§ Exercise details
Every line from the first one in the data below through the line holding "key issue here" is to be written out exactly, with the pictures omitted.

Source records
..............................
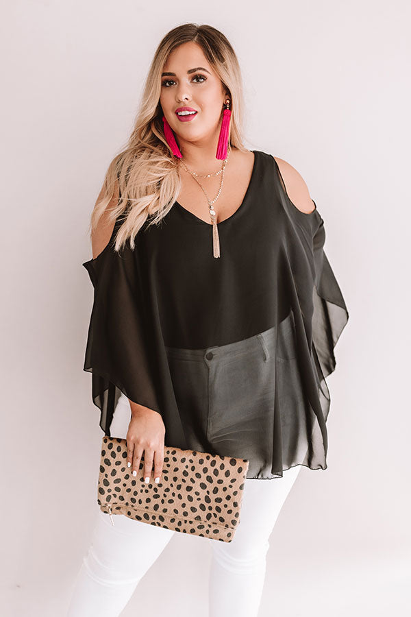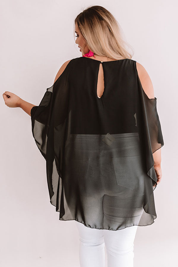 Plus Size - We guarantee people will be calling you chic when you wear this black beauty with its cutout sleeves, sheer flowy fabric, and keyhole cutout with a button closure in the back! In this picture, this piece is being worn under white bottoms, but due to its versatility, it can be worn as a romper or a bodysuit/blouse for multiple different styles! Measurements
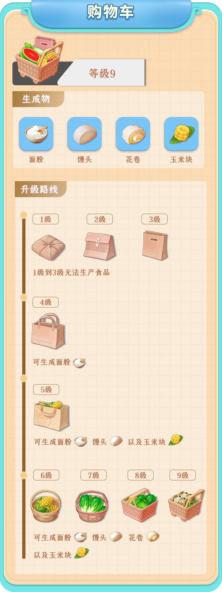 纸包-大纸包-纸袋-手提袋(可生产面粉)-购物袋(可生产面粉、玉米)-购物篮(可生产面粉、馒头、花卷、玉米)-竹编购物篮-精致购物篮-购物车-购物车(满级10级)
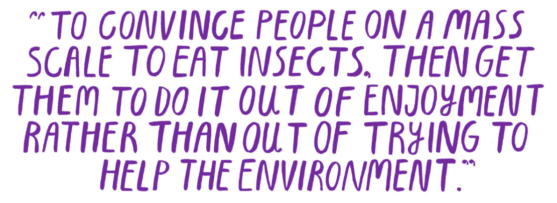 "The key issue here is that cooks have more responsibility than they may realise," he says. "One of our collaborators published a paper in [the journal] Nature saying, "If you want to convince people on a mass scale to eat insects, then get them to do it out of enjoyment rather than out of trying to help the environment. It has to be about pleasure, so that falls to the chef to create something delicious."
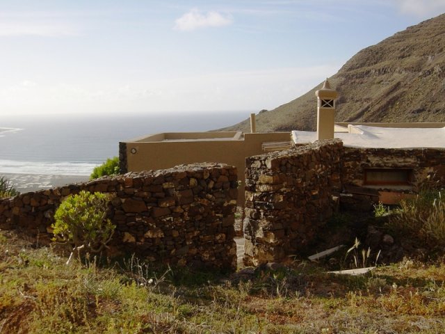 Once in a lifetime chance to purchase a fantastic country house set 170 metres above sea level on Lanzarote’s highest (670 metres) and oldest (16 million years old) mountain El Risco de Famara. This finca is 167m2 constructed and stands on its own plot of 65,000 sqm in a special protection area where no construction has been permitted since 1970. Looking out from the finca you have outstanding panoramic views across the beautiful beaches of Famara and the fishing village of La Caleta. The house consists of 3 bedrooms, 2 doubles and 1 single, 1 bathroom, seperate kitchen, dining room and a spacious living room. There house has a terraced area at the front to sit and enjoy the views and at the back there is a patio area complete with a stone oven. There is also a double garage that is fully tiled and that could also be used as extra accomodation. House for sale in Lanzarote
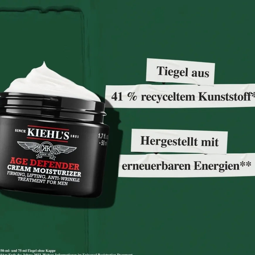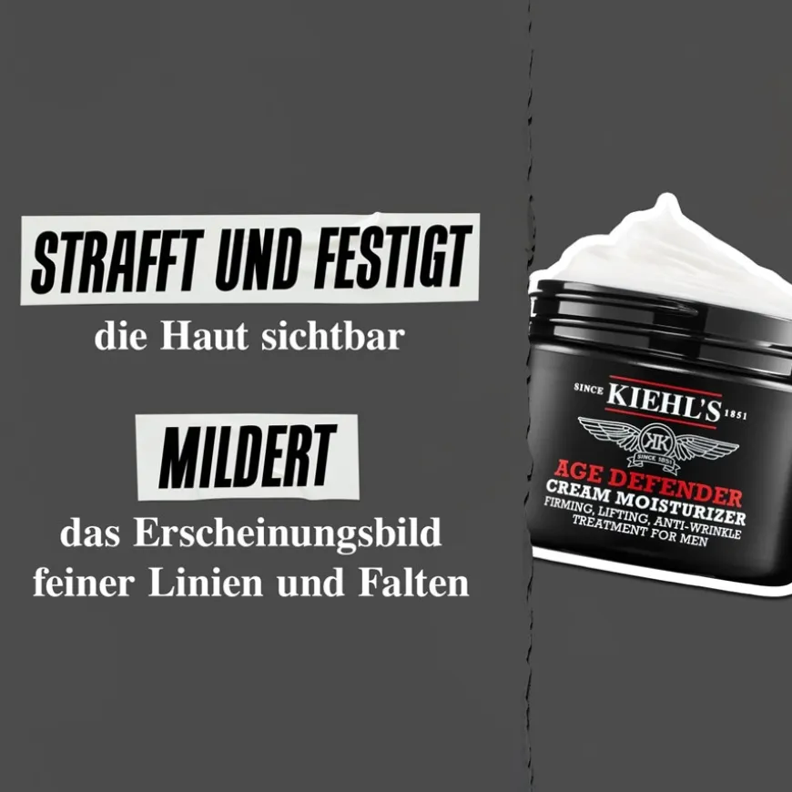 De anti-aging verzorging Age Defender Moisturizer van Kiehl’s is de ultimale anti-rimpel gezichtscrème voor mannen. Dankzij het liftende effect heeft deze huidverstevigende moisturizer een dubbel effect: De huid wordt intensief gehydrateerd en tegelijkertijd strakker, waardoor rimpels en lijntjes zichtbaar verminderen. Dit wordt mogelijk gemaakt door een combinatie van cafeïne, lijnzaadextract en sojaproteïne. Terwijl het vette lijnzaad de stevigheid van de huid verhoogt en rimpels vermindert, vermindert soja-eiwit de zichtbaarheid van ruwheid en rimpels. Daarnaast helpt de geurloze cafeïne wallen te verminderen. De revitaliserende formule heeft ook een zacht exfoliërend effect, waardoor de huid gladder en egaler wordt.De anti-aging gezichtsverzorging wordt na het reinigen en scheren op de huid aangebracht en zachtjes ingemasseerd. Idealiter gebruik je het serum uit de serie vóór de Age Defender om het effect van beide producten te versterken.
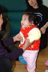 While Mike was working this afternoon Nadia and I went to the grocery store. We dropped the stuff off at the apartment and headed back out to go exploring. I wanted to do a reconnaissance trip to the other bakery to see if they offered as good or better items than the place closer to us. Next door to the bakery is a little shopping area that is made up of a bunch of little stalls selling clothes, shoes and undergarments. Nadia and I strolled through the whole place causing a commotion. One woman came up and asked if she was Chinese and I was able to tell her IN MANDRIAN, “Yes, but now she is American.” The lady said, “Hen Hao, Hen Hao.” or That’s good. There was the cutest little jammie place in there, but the large looked like a petite small. I knew they wouldn’t fit when the guy didn’t even TRY to get me to come into his stall to convince me to buy some – even though I was looking at his wares very closely. I told Mike when we got back that going through that little place made me feel like I was the size of a whale. Which is insane because I am not overweight or something. It’s a good thing I don’t worry about stuff like that or living here would give me a complex. The funniest thing is that they had a place with fancy little Victoria Secret type bras in all colors, but they all looked the size of a middle school girls training bra!
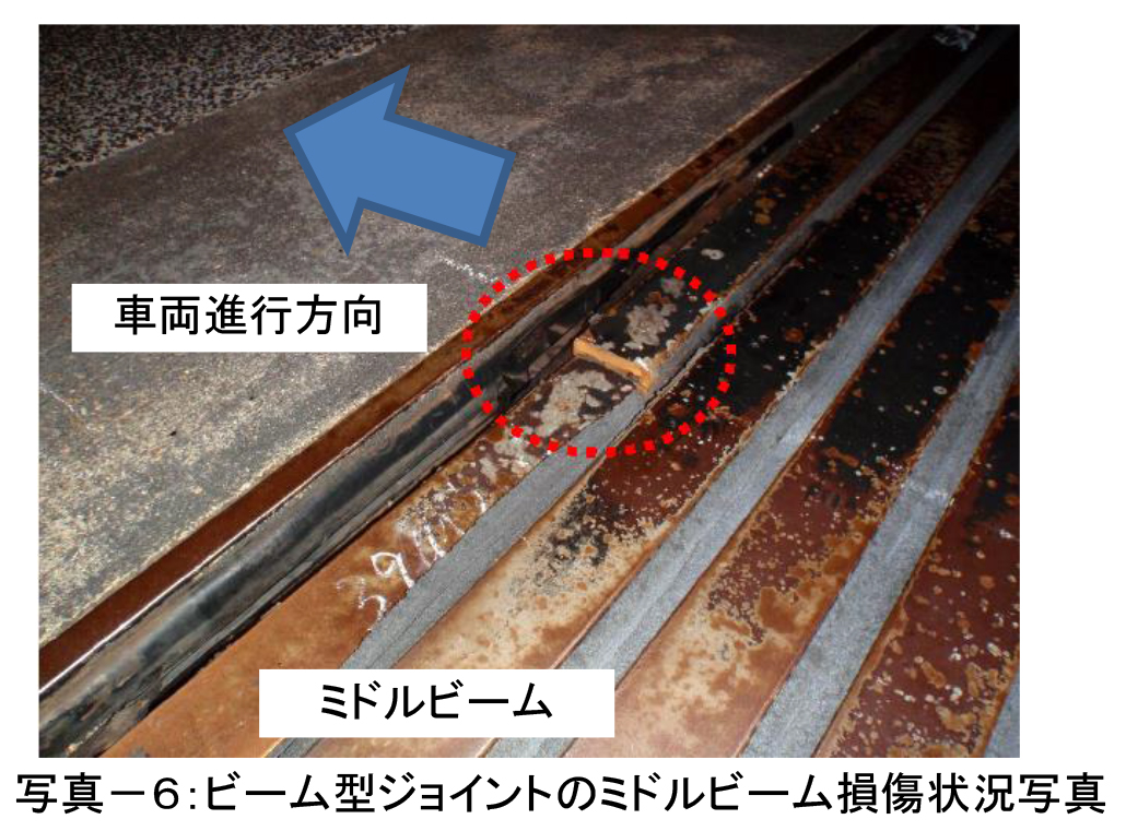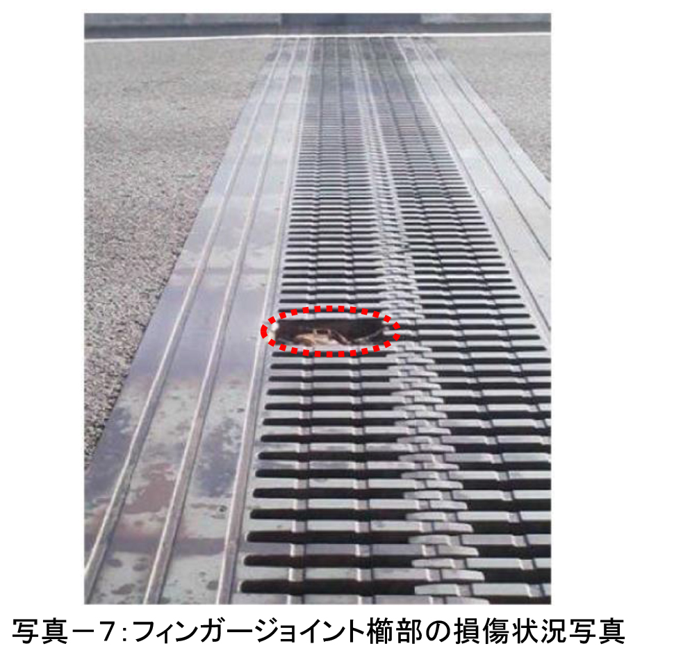 旧日本道路公団において、1996年~2004年間に建設された伸縮桁長が長く伸縮量が大きい橋梁の伸縮装置には、鋼製ジョイントの1つであるビーム型ジョイントが数多く採用されてきた。当時は、東名高速道路において発生した鋼製フィンガージョイントの破損事故により、新たな鋼製フィンガージョイントの使用を一時見合わせ、有識者による委員会において原因と対策の検討をしていたこともあり、この時期に万博前の全通に向けて工事を進めていた名古屋支社管内の伊勢湾岸自動車道及び東海環状自動車道では、連続径間数の多い高架橋の設計・施工において、大伸縮量に適用可能であったビーム型ジョイントを多数採用していた。この内、伊勢湾岸自動車道で採用したビーム型ジョイントにおいて供用後10年程度経過した段階でビームの損傷が多数見られるようになった他、一部の高架橋で用いられた鋼製フィンガージョイントにおいてもフィンガーの櫛部の折損が発生した。(写真-6、写真-7)
..............................
§ Result for this task
 Plus Size - We guarantee people will be calling you chic when you wear this black beauty with its cutout sleeves, sheer flowy fabric, and keyhole cutout with a button closure in the back! In this picture, this piece is being worn under white bottoms, but due to its versatility, it can be worn as a romper or a bodysuit/blouse for multiple different styles! Measurements
 纸包-大纸包-纸袋-手提袋(可生产面粉)-购物袋(可生产面粉、玉米)-购物篮(可生产面粉、馒头、花卷、玉米)-竹编购物篮-精致购物篮-购物车-购物车(满级10级)
 "The key issue here is that cooks have more responsibility than they may realise," he says. "One of our collaborators published a paper in [the journal] Nature saying, "If you want to convince people on a mass scale to eat insects, then get them to do it out of enjoyment rather than out of trying to help the environment. It has to be about pleasure, so that falls to the chef to create something delicious."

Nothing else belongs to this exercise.